Problem ▸ Write out the lines below exactly, beginning at the one with "내부 파티션 폼 하나를" and stopping after the one with "การตกแต่งห้องน"; the pictures are not copied.

Provided information ▸
▬▬▬▬▬▬
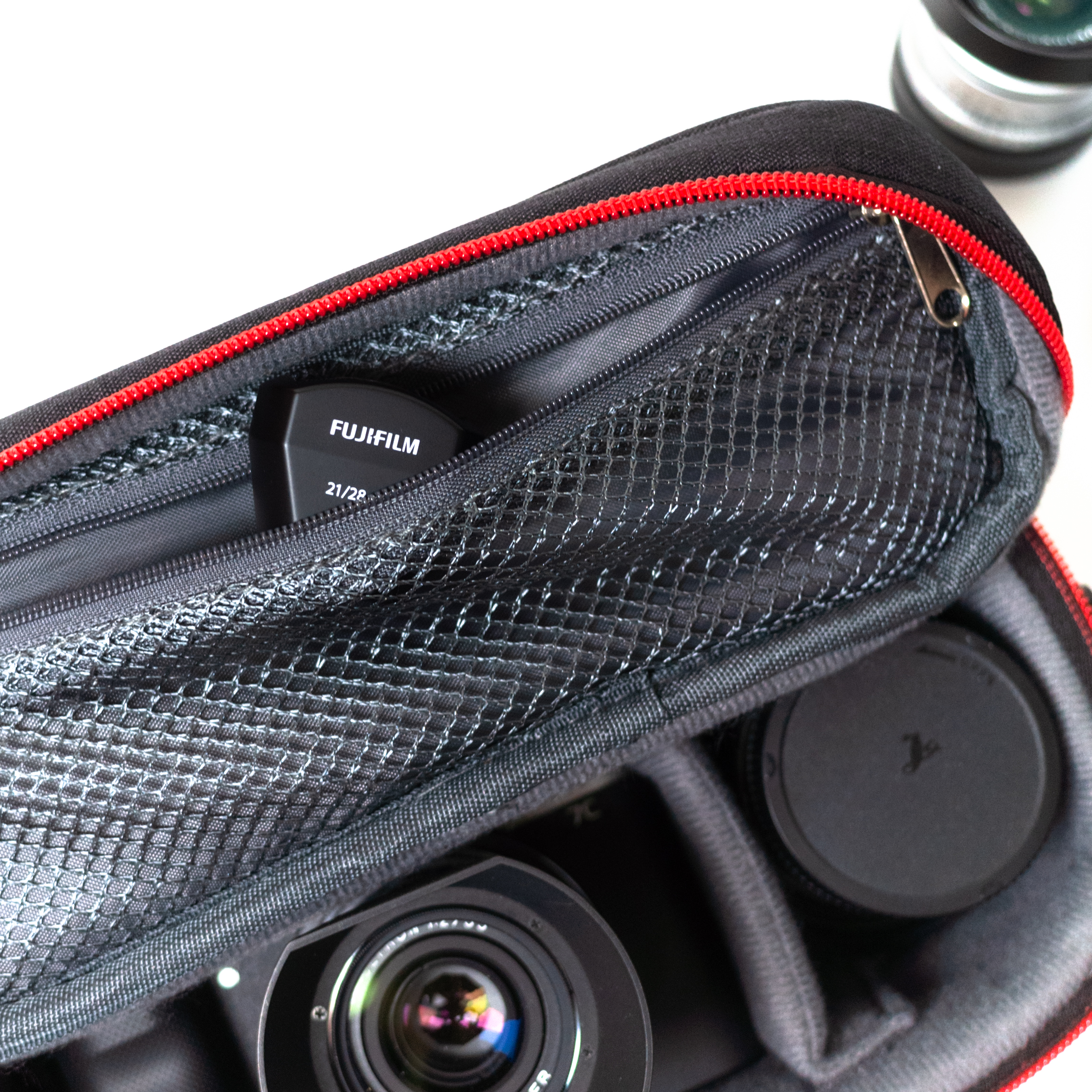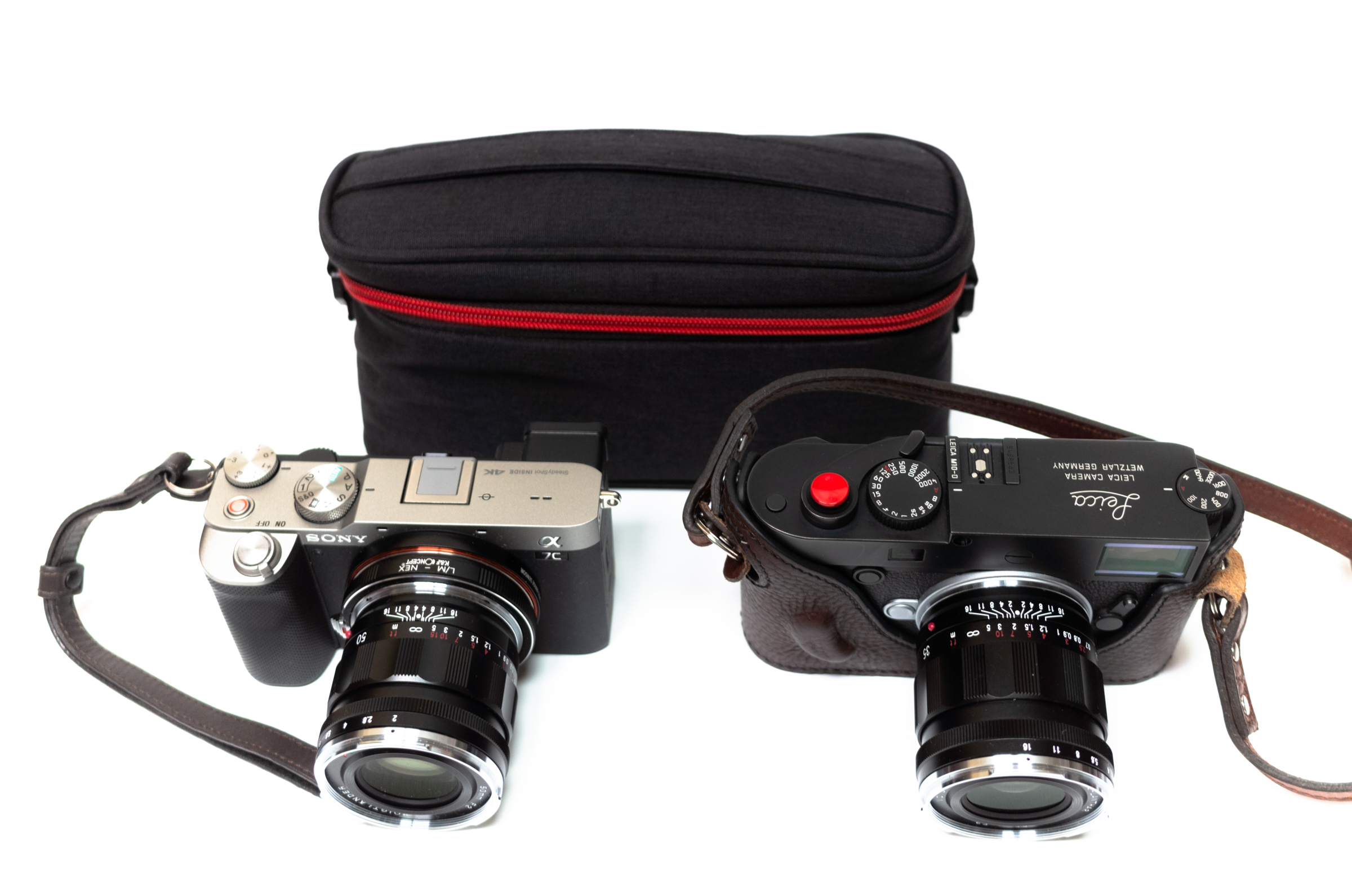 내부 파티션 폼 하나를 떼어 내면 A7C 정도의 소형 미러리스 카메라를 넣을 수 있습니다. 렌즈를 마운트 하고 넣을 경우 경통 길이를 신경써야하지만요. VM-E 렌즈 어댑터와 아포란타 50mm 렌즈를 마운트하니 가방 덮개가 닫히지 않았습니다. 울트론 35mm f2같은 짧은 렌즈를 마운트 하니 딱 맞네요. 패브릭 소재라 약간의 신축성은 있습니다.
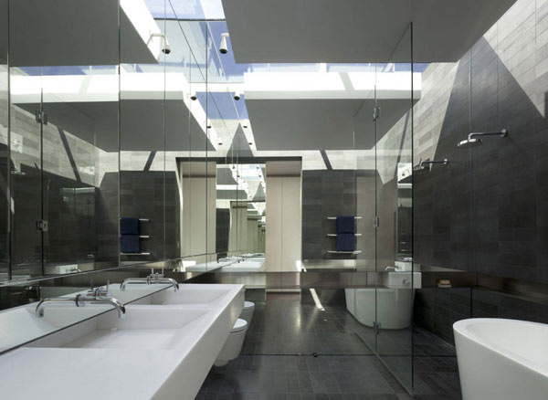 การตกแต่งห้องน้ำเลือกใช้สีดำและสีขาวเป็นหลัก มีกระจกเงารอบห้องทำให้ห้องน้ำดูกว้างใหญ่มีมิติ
▬▬▬▬▬▬
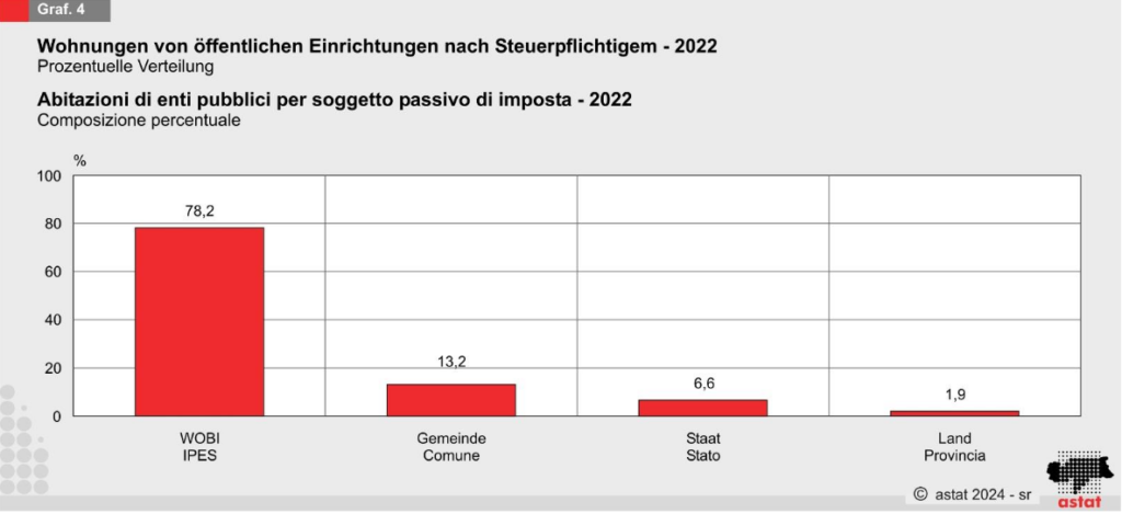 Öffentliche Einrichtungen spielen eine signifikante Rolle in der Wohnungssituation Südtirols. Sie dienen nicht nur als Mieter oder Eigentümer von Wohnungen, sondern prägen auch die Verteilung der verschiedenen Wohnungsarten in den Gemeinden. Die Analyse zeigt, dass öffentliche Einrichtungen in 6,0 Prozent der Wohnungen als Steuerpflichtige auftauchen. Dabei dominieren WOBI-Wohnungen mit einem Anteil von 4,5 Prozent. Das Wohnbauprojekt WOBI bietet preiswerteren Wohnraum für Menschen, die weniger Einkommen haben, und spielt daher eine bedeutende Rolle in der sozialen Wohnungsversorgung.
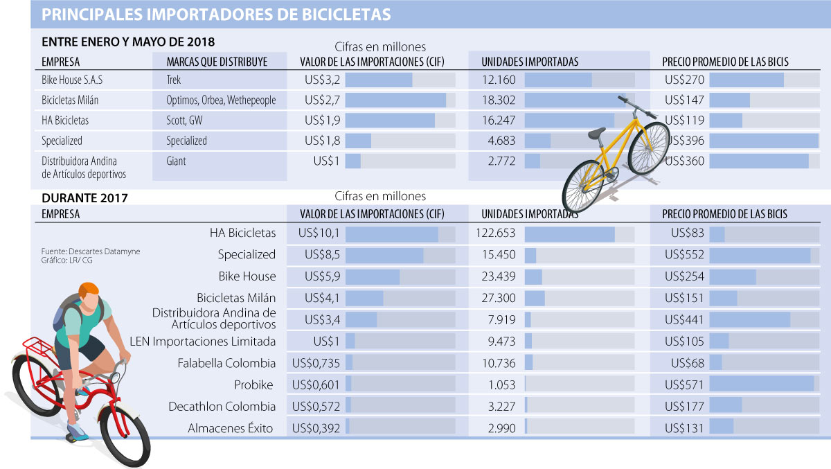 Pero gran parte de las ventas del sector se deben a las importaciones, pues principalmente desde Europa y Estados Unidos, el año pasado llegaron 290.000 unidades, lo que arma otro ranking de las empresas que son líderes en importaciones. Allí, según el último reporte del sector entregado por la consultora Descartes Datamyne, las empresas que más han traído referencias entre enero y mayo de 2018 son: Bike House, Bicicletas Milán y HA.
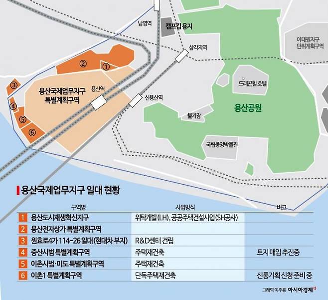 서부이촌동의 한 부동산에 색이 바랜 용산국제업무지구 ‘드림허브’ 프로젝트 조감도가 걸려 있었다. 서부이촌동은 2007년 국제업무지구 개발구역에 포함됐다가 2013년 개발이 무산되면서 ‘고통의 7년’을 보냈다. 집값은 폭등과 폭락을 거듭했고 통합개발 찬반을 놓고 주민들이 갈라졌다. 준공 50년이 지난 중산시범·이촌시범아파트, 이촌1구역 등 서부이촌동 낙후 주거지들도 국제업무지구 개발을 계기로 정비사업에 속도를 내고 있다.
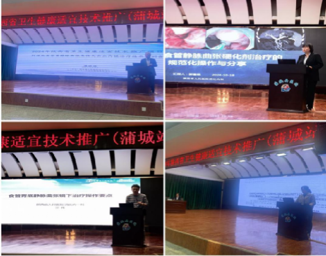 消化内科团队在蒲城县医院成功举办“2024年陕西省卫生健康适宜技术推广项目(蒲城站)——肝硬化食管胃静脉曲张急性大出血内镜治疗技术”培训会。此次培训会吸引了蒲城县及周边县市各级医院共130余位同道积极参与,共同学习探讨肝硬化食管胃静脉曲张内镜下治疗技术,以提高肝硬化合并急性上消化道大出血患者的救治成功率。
▬▬▬▬▬▬
Exercise answer ▸
 내부 파티션 폼 하나를 떼어 내면 A7C 정도의 소형 미러리스 카메라를 넣을 수 있습니다. 렌즈를 마운트 하고 넣을 경우 경통 길이를 신경써야하지만요. VM-E 렌즈 어댑터와 아포란타 50mm 렌즈를 마운트하니 가방 덮개가 닫히지 않았습니다. 울트론 35mm f2같은 짧은 렌즈를 마운트 하니 딱 맞네요. 패브릭 소재라 약간의 신축성은 있습니다.
 การตกแต่งห้องน้ำเลือกใช้สีดำและสีขาวเป็นหลัก มีกระจกเงารอบห้องทำให้ห้องน้ำดูกว้างใหญ่มีมิติ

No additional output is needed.